There is no one-size-fits-all approach to a career in the culinary industry. Unlike some careers, the path to becoming an Executive Chef isn’t so well-defined. The title of ‘chef’ is not earned immediately upon graduating culinary school like that of a doctor or lawyer. There’s no final exam, no set number of work hours, and no one-size-fits-all education that all chefs must have. Some cooks earn the title ‘chef’ very quickly, and for others, it takes more time.
A cook must continue to learn and work their way through the ranks of a kitchen before they can be called a chef. While education can be essential to following a culinary career, there are no shortcuts. Even chefs who graduate from the best culinary schools in the world can expect to work their way up following graduation. All new cooks have to learn the ropes of a professional kitchen. Most executive chefs have worked their way through the ranks, possibly even taking 10 to 20 years.
There is no standard path through the ranks of a kitchen. One line cook may make lateral moves from one kitchen to another before advancing, while another may climb quickly from line cook to lead to sous chef, all with the same employer. After several years of experience in the kitchen as a cook, skilled cooks with the necessary talent and management skills are usually promoted to sous chef, often then followed by chef de cuisine or executive sous chef—and then finally, Executive Chef.
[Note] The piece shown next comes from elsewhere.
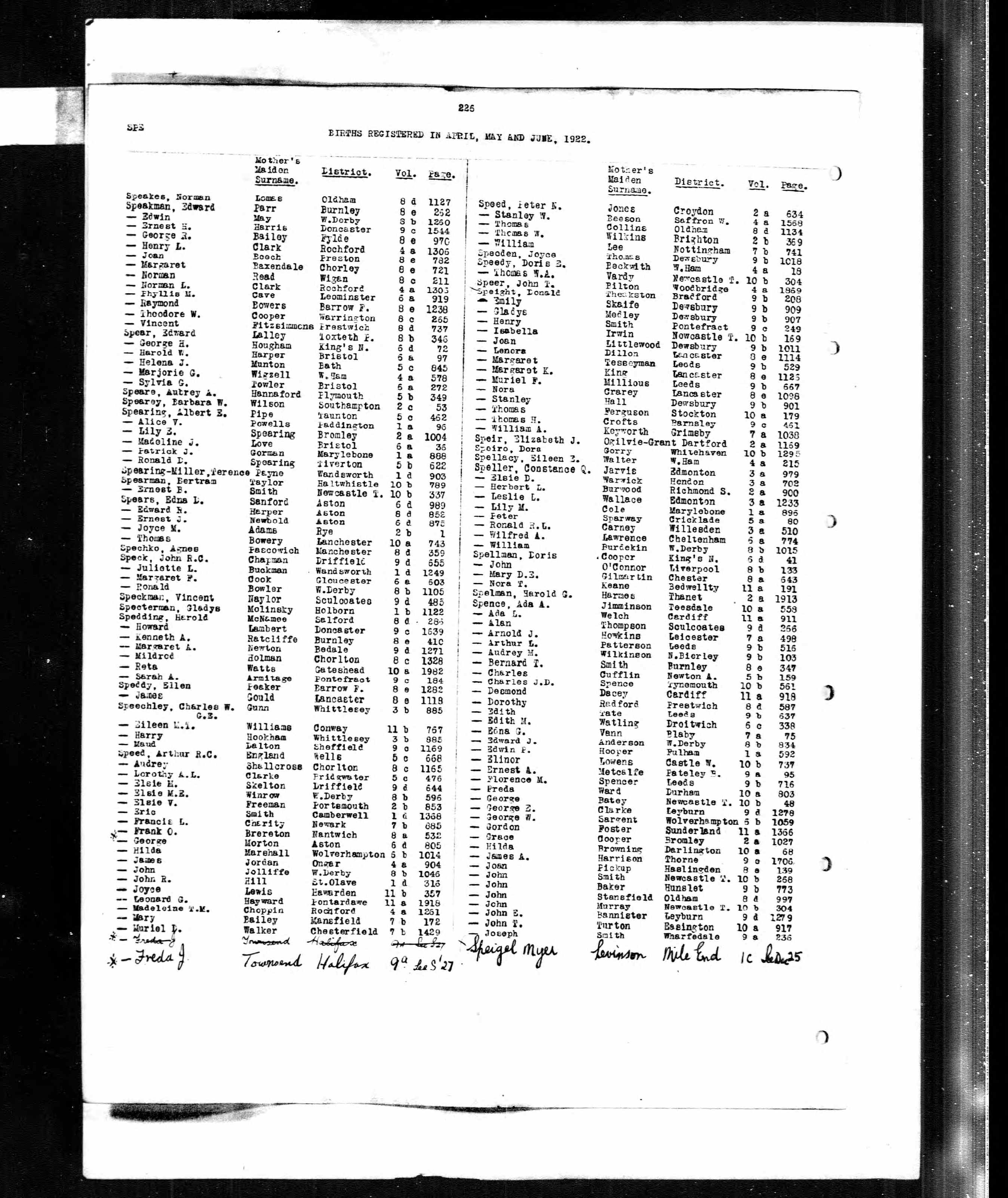 Arthur Leonard Spence - England & Wales, Birth Index, 1916-2005

While it’s not a requirement, many believe the best place to start a culinary career is with a degree or diploma from an accredited culinary school. Becoming an Executive Chef requires a combination of hands-on training, education and several years of work experience. An Executive Chef must have excellent culinary skills, but there are many non-culinary skills required to be a successful chef. Executive club chefs must deal with kitchen administration, management, budgeting, labor and food cost control, hiring, expediting and checking in on members. Chefs must have the ability to lead, motivate and inspire their team to perform at a high level. Communication skills must be strong, both in the kitchen and with members. An Executive Chef must have good judgment, critical-thinking skills, and a problem-solving skill set that enables a successful chef to quickly put out fires around the kitchen and club. These are all skills that take years of working in a kitchen to master.
With so many variables at play, it’s impossible to say how long it will take any one person to earn the title of Executive Chef. While the path may seem winding, there are some common skills and experiences that many executive chefs share. A cook can set themselves up for success by honing these traits and keeping these accomplishments in mind as progressing through a culinary career.